INJUSTIÇA
Manhã nublada de dezembro. Às vésperas do Natal, levanto ansiosa e triste e meu coração me leva até um passado doloroso.
Recebi uma carta anônima. Envelope vermelho. Letra masculina. O que li me fez ficar tão abalada que bati o carro. Ofensas sem limite: “Viúva frustrada”... “Não consegue ver ninguém feliz”... “Invejosa”... “Fofoqueira”... “Infeliz”... Por outros detalhes, percebi quem era o autor dos desaforos maldosos. O Coordenador Pedagógico da escola que eu trabalhava. E agora, com muito ódio, afirmava que faria da minha vida um inferno... Um homem que dias atrás eu vira seduzindo uma amiga minha, jovem, casada, que eu considerava como filha. Com elogios, tentava beijá-la. E ela correspondia, completamente fascinada. Na hora H, li nos lábios dele: “E agora, ela viu!”- Ao que minha amiga respondeu: “Sem problemas, a Bete é minha amiga.” Eu não escuto bem há muitos anos. Por esta razão, não participava de fofocas nos intervalos da escola. Ficava muito calada, e todos tinham confiança em mim. Mas aquela cena me perturbou. Eu me senti na obrigação de alertar. Poucos dias depois, fizemos uma viagem juntas, como sempre fazíamos. No trajeto, eu ao lado dela, a ouvia triste, contava como a tal criatura a incentivava a fazer pós-graduação, Mestrado, e como afirmava elogios sobre sua beleza e inteligência... Eu poderia ter ficado calada, mas não fiquei. Alertei sobre os fatos serem verdadeiros e para tomar cuidado com segundas intenções daquele homem. Não comentei isto com mais ninguém, a não ser com minha amiga. Mas ela, ingênua, ou apaixonada, não sei, levou minhas palavras a ele. Ficamos de férias e três dias depois, recebi a carta anônima ameaçadora.

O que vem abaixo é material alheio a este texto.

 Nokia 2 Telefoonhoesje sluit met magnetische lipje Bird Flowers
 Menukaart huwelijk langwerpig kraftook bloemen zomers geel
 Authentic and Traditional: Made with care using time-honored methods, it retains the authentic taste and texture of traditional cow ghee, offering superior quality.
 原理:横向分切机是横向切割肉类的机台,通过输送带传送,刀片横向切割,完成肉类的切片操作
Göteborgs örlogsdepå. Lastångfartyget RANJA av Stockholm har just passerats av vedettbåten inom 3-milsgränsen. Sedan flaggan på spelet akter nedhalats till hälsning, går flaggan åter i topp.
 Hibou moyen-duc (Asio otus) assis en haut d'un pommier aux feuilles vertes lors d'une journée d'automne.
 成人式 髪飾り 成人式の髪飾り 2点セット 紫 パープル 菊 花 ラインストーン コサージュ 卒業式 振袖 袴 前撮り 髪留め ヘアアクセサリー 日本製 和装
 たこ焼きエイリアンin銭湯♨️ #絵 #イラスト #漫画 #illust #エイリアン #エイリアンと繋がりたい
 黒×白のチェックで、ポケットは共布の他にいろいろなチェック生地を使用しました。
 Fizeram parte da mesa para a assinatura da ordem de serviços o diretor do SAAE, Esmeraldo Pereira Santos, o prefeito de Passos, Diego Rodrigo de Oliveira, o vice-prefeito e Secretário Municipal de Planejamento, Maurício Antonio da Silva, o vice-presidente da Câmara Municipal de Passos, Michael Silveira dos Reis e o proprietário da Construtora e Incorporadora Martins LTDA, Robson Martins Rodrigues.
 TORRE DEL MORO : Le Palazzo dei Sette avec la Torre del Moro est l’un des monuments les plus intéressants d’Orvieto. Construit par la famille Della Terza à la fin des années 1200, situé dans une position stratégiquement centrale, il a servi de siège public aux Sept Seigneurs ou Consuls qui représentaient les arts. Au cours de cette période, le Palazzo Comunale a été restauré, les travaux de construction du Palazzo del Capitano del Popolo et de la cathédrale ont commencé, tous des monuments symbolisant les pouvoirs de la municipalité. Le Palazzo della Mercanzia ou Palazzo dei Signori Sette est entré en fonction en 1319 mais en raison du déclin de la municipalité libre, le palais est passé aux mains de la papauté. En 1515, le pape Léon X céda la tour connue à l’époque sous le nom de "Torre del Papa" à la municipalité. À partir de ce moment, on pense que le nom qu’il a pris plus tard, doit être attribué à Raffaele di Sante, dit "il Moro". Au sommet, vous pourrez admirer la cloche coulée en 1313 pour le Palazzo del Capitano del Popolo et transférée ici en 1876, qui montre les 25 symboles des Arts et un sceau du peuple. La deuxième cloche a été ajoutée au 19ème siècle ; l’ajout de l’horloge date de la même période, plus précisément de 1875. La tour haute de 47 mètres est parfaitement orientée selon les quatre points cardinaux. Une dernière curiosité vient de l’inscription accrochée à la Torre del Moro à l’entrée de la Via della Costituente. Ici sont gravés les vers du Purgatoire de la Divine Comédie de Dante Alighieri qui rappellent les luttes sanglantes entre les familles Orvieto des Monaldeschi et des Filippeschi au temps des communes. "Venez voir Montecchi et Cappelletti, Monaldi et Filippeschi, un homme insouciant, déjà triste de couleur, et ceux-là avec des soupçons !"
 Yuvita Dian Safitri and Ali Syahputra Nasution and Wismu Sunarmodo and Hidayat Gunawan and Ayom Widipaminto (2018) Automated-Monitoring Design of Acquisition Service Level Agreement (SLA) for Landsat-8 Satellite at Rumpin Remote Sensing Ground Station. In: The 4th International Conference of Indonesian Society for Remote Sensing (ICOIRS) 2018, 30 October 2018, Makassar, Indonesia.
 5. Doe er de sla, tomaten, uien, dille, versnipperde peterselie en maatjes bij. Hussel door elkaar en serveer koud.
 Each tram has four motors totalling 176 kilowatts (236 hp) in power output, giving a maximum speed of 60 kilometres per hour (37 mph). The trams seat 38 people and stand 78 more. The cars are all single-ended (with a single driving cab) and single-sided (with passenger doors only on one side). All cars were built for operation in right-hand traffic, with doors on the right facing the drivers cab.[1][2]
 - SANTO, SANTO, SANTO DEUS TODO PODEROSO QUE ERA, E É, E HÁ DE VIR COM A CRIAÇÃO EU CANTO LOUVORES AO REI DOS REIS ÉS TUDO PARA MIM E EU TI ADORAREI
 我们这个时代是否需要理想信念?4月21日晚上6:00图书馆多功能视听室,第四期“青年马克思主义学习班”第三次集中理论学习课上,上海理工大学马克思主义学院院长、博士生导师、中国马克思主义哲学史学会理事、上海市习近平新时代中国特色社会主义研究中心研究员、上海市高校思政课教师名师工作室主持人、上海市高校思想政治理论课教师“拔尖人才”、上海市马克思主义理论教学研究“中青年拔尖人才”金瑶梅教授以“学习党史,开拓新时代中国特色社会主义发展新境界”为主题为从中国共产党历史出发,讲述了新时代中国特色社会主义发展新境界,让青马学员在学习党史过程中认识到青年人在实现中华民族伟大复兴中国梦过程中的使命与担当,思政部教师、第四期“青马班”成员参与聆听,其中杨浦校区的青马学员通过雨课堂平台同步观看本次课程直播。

Durante as férias, a pessoa me difamou de tudo quanto foi jeito. Passou adiante a cena, dizendo que era eu quem a estava alastrando. Quando as férias terminaram e um novo ano letivo escolar se iniciou, fui recebida com caras e bocas, sem amigos, com ódio por todos os cantos. Não sei como aguentei aquele meu último ano na escola onde fora feliz por quase trinta anos. Pedi aposentadoria, que não saiu, depois solicitei mudança de escola. Levo comigo esta injustiça. E sei que mesmo depois de ter saído de lá, ainda carrego a cruz da perseguição daquele podre homem, congelada no tempo.
Só recentemente rasguei a carta.
Tinha a intenção de mostrá-la para minha amiga. Mas não precisei fazer isto,
porque vejo pelas redes sociais fotos lindíssimas de seu casamento, férias,
marido, filhos! O que eu queria que ela fizesse, ela fez... Valorizou o real, o
verdadeiro! Fez Mestrado, Doutorado, mostrou seu valor ao mundo! Eu não preciso
me defender de nada. Minha consciência está tranquila.